Flexible Model-Driven Engineering through Deep Meta-modelling and Genericity
Juan de Lara
Meta-modelling is at the core of Model-Driven Engineering (MDE), where it is used for language engineering and domain modelling. The OMG's Meta-Object Facility is the standard framework for building and instantiating meta-models. However, in the last few years, several researchers have identified limitations and rigidities in such a scheme, most notably concerning the consideration of only two meta-modelling levels at the same time, and its little support for abstraction, modularity, reusability and extendibility of (meta-)models, behaviours and transformations. In this latter respect, MDE is inherently type-centric, as model manipulations are specified over the types of concrete meta-models, and cannot be reused for other meta-models, even if these share characteristics.
In order to alleviate this weakness, we will present two techniques. In the first part of the talk, we will introduce a framework that supports a dual linguistic/ontological instantiation and permits building systems with an arbitrary number of meta-levels through so called potency. In the second part, we will introduce some elements of generic programming into meta-modelling, to achieve reusability of models, meta-models and transformations. In particular, we will use concepts, templates and mixin layers. Concepts gather requirements that meta-models need to fulfil in orther to execute a certain model operation. Hence, operations are defined over concepts, which are later bound to concrete meta-models, becoming reusable. Templates use concepts to express requirements on their generic parameters, and are applicable to models and meta-models. Finally, we define functional layers by means of meta-model mixins which can extend other meta-models.
We will also introduce a meta-modelling tool, called MetaDepth, which implements these ideas.
Bibliography:
[1] "From Types to Type Requirements: Genericity for Model-Driven Engineering". Juan de Lara, Esther Guerra. Software and Systems Modeling (Springer). 2011. In press (selected papers from MODELS'10).
[2] "Deep meta-modelling with MetaDepth". 2010 Juan de Lara and Esther Guerra. Lecture Notes in Computer Science 6141.pp.: 1--20. Proc. TOOLS Europe 2010: 48th International Conference on Objects, Models, Components, Patterns.

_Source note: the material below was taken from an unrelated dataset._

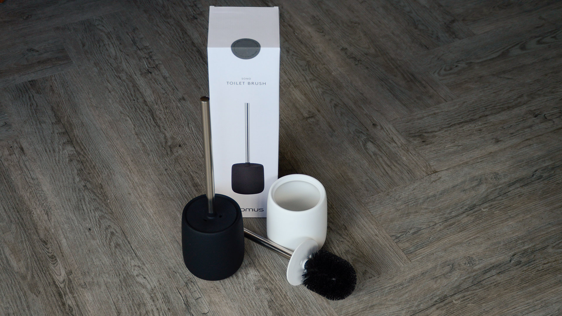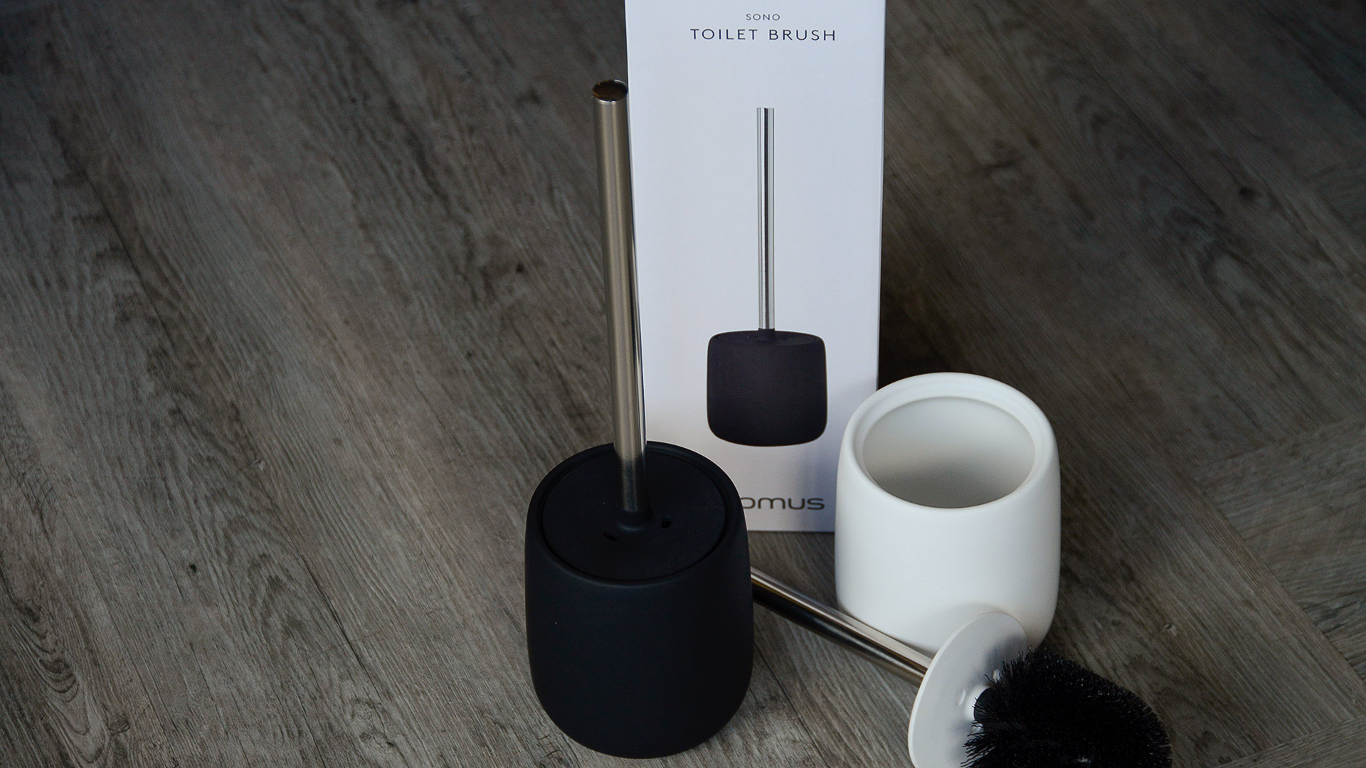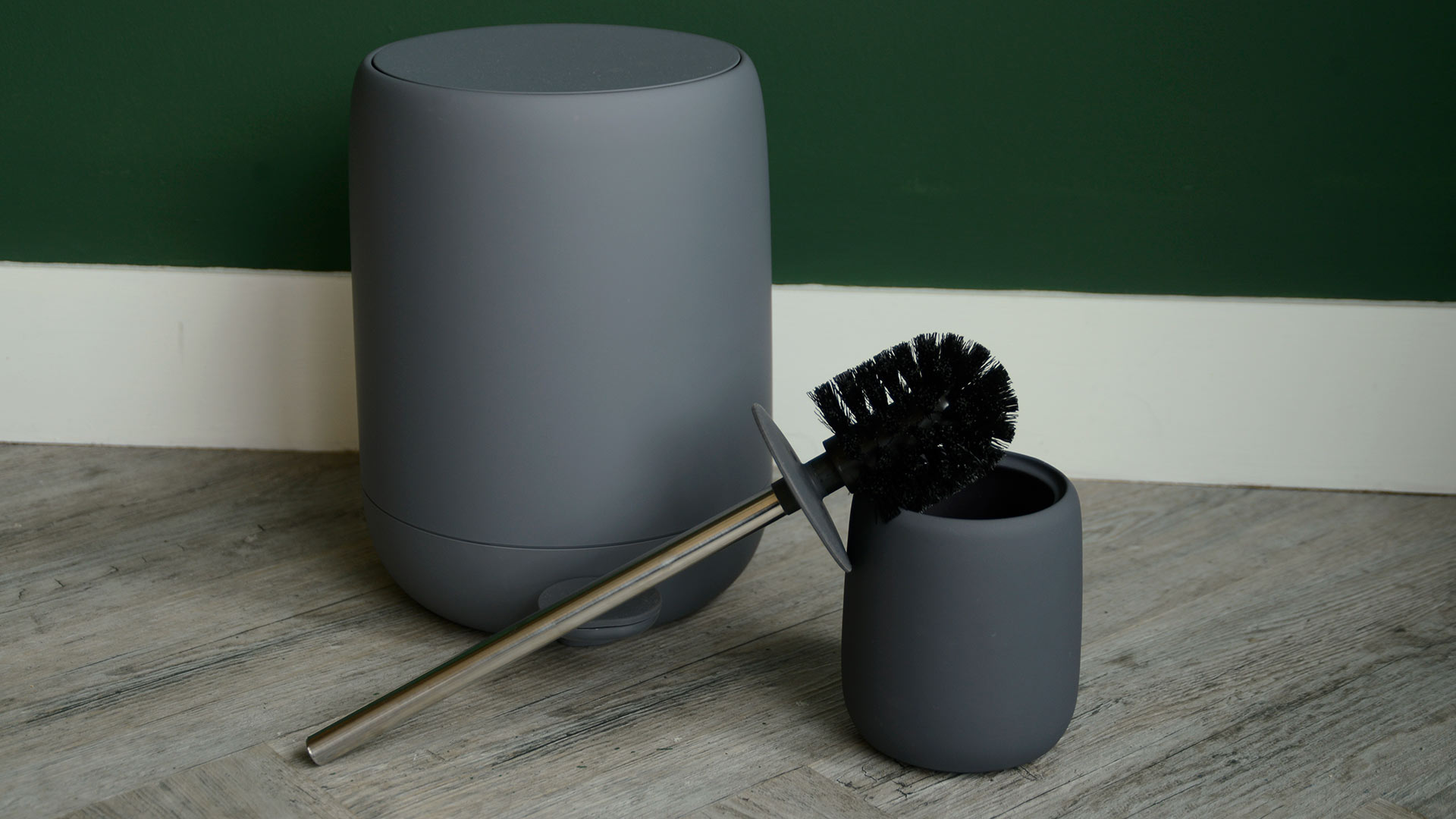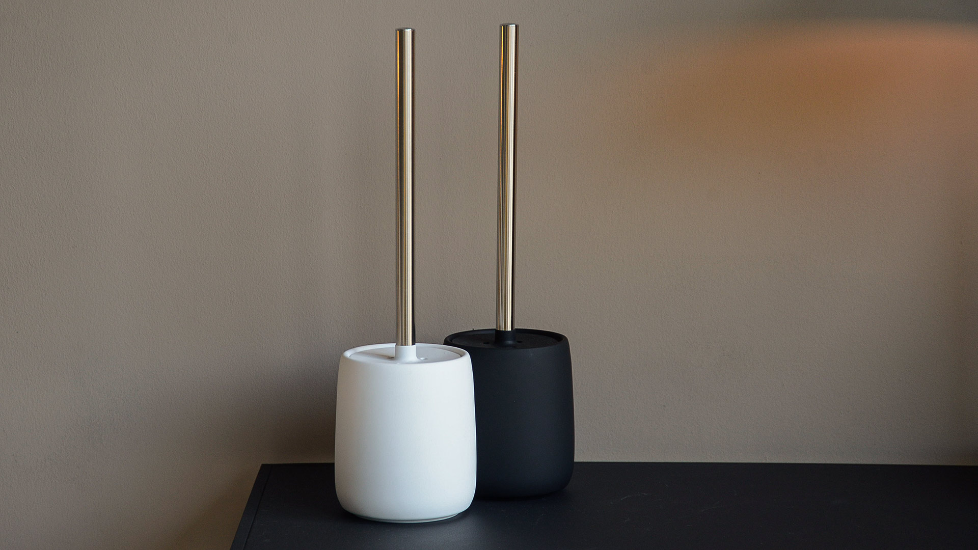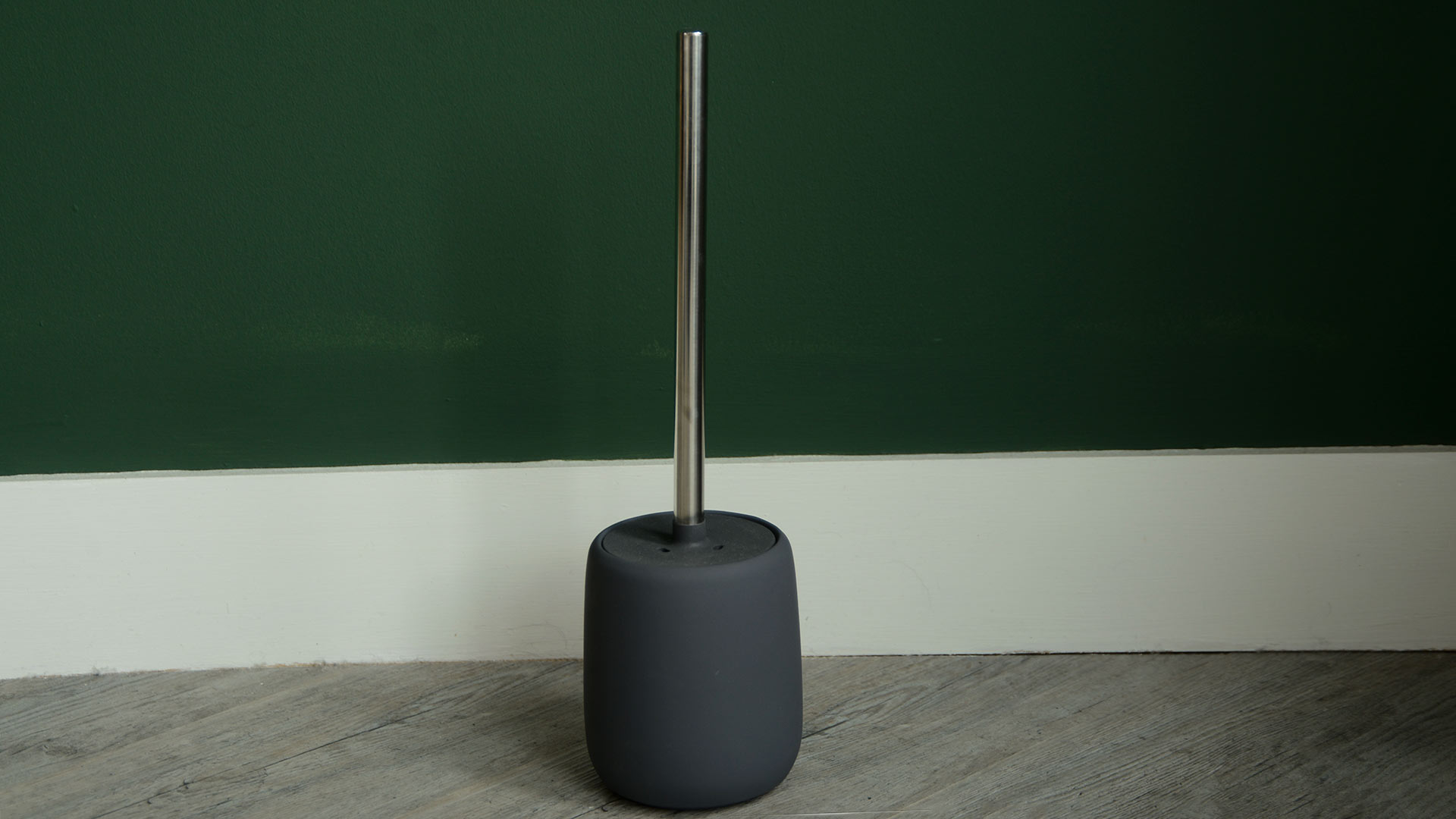 Minimal and stylish toilet brush in matt black, dark grey or white, perfect for a contemporary bathroom.

Towards a general composition semantics for rule-based model transformation
Dennis Wagelaar
As model transformations have become an integral part of the automated software engineering lifecycle, reuse, modularisation, and composition of model transformations becomes important. One way to compose model transformations is to compose modules of transformation rules, and execute the composition as one transformation (internal composition). This kind of composition can provide fine-grained semantics, as it is part of the transformation language. This paper aims to generalise two internal composition mechanisms for rule-based transformation languages, module import and rule inheritance, by providing executable semantics for the composition mechanisms within a virtual machine. The generality of the virtual machine is demonstrated for different rule-based transformation languages by compiling those languages to, and executing them on this virtual machine. We will discuss how ATL and graph transformations can be mapped to modules and rules inside the virtual machine.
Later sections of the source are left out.